How is it, when people try to argue about the magical benefits of AI on a task, it always comes down to arguing "well actually, humans suck at the task too! Look, humans make mistakes!" That seems to be the only way they can justify the fact that AI sucks. At least it spews garbage fast!

(Also, this is a little mean, but if someone's paper got rejected 6 times in a row, perhaps it's time to throw in the towel, accept that the project was never that good in the first place, and try better ideas. Not every idea works out, especially in research.)

When modified to output a 1-10 score by training to mimic ICLR 2025 reviews (which are public), we found that the Spearman correlation (higher is better) between one human reviewer and another is 0.41, whereas the correlation between AI and one human reviewer is 0.42. This suggests the agentic reviewer is approaching human-level performance.

Actually, now all my concerns are now completely gone. They found that one number is bigger than another number, so I take back all of my counterarguments. I now have full faith that this is going to work out.

Reviews are AI generated, and may contain errors.

We had built this for researchers seeking feedback on their work. If you are a reviewer for a conference, we discourage using this in any way that violates the policies of that conference.
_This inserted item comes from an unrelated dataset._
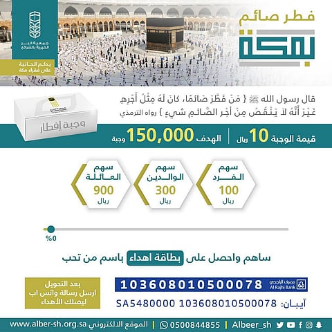 وأشارت الجمعية بأن قيمة الوجبة الواحدة 10 ريالات، وتستهدف 150 ألف وجبة صائم. كما حددت للمساهمين أسهماً للبذل والعطاء: سهم الفرد 100 ريال، وسهم الوالدين 300 ريال، وسهم العائلة 900 ريال.

Of course, we need the mandatory disclaimers that will definitely be enforced. No reviewer will ever be a lazy bum and use this AI for their actual conference reviews.
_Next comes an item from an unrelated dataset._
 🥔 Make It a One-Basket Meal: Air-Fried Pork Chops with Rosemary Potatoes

I'm a nerd and even I want to shove this guy in a locker.

[–] lagrangeinterpolator@awful.systems 10 points 2 weeks ago* (last edited 2 weeks ago) (3 children)
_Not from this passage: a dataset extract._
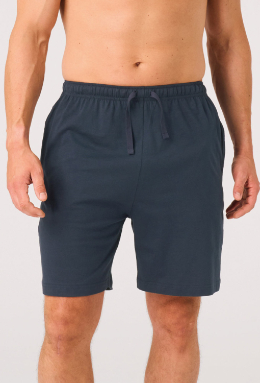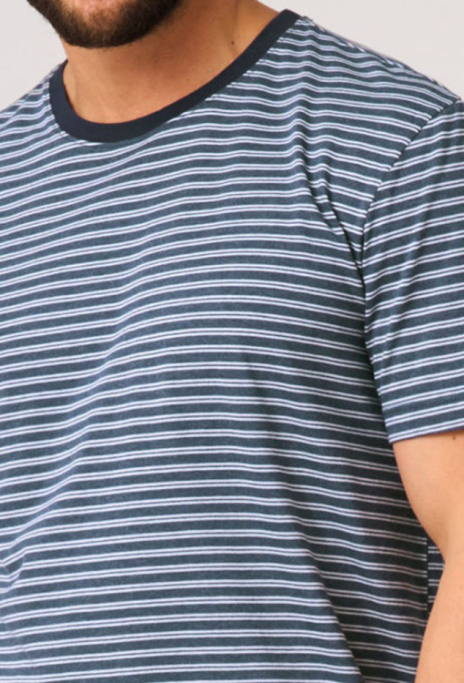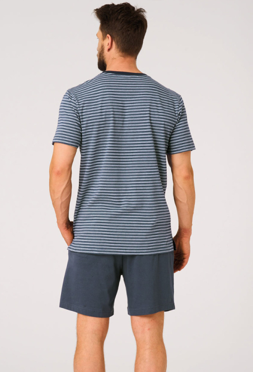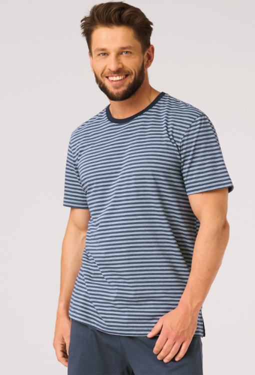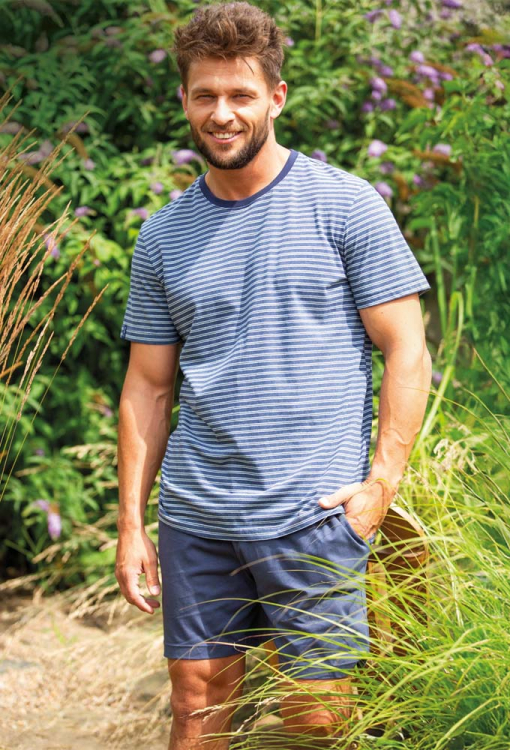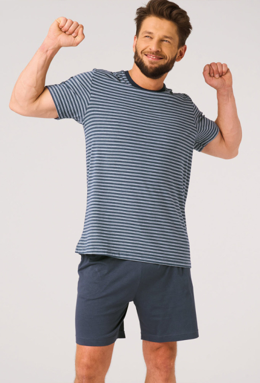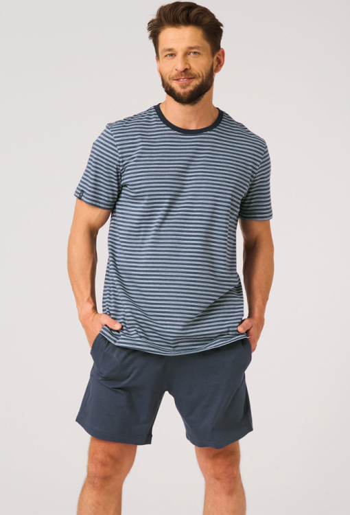 Классическая мужская пижама от польского бренда Key. Пижама выполнена из качественного и мягкого хлопка, состоит из футболки в полосатый принт темно-синего и белого цвета и однотонных темно-синих шортов. Футболка прямого кроя, с короткими рукавами и круглым вырезом горла. Горловина модели обработана трикотажным кантом темно-синего цвета, боковые разрезы внизу усилены хлопковой лентой. Шорты с мягкой резинкой в поясе и удобными боковыми карманами, регулируются по ширине с помощью внутреннего шнурка. Пижама красивая и очень комфортная, идеальна для дома и путешествий, также может быть замечательным подарком любимому или близкому человеку.

Referencing the telephone game does not prove anything here. The telephone game is shows that humans are not good at copying something exactly without changes, which computers are better at. But the question here is if AI can achieve deeper understanding of a work, which is needed to produce a good summary. This is something humans are far better at. The AI screws up the summary here in ways that no reasonable person who has watched the TV series (or played the games) would ever screw up.

[–] lagrangeinterpolator@awful.systems 6 points 3 weeks ago (1 children)

A game/sneer where you are a venture capitalist with billions invested in generative AI: https://woe-industries.itch.io/you-have-billions-invested-in-generative-ai

Although I never use LLMs for any serious purpose, I do sometimes give LLMs test questions in order to get firsthand experience on what their responses are like. This guide tracks quite well with what I see. The language is flowery and full of unnecessary metaphors, and the formatting has excessive bullet points, boldface, and emoji. (Seeing emoji in what is supposed to be a serious text really pisses me off for some reason.) When I read the text carefully, I can almost always find mistakes or severe omissions, even when the mistake could easily be remedied by searching the internet.

This is perfectly in line with the fact that LLMs do not have deep understanding, or the understanding is only in the mind of the user, such as with rubber duck debugging. I agree with the "Barnum-effect" comment (see this essay for what that refers to).

[–] lagrangeinterpolator@awful.systems 5 points 3 weeks ago (2 children)

The most obvious indication of AI I can see is the countless paragraphs that start with a boldfaced "header" with a colon. I consider this to be terrible writing practice, even for technical/explanatory writing. When a writer does this, it feels as if they don't even respect their own writing. Maybe their paragraphs are so incomprehensible that they need to spoonfeed the reader. Or, perhaps they have so little to say that the bullet points already get it across, and their writing is little more than extraneous fluff. Yeah, much larger things like sections or chapters should have titles, but putting a header on every single paragraph is, frankly, insulting the reader's intelligence.

I see AI output use this format very frequently though. Honestly, this goes to show how AI appeals to people who only care about shortcuts and bullshitting instead of thinking things through. Putting a bold header on every single paragraph really does appeal to that type.

Chicken penne is now rivaling spaghetti Bolognese as a core layer of pasta infrastructure.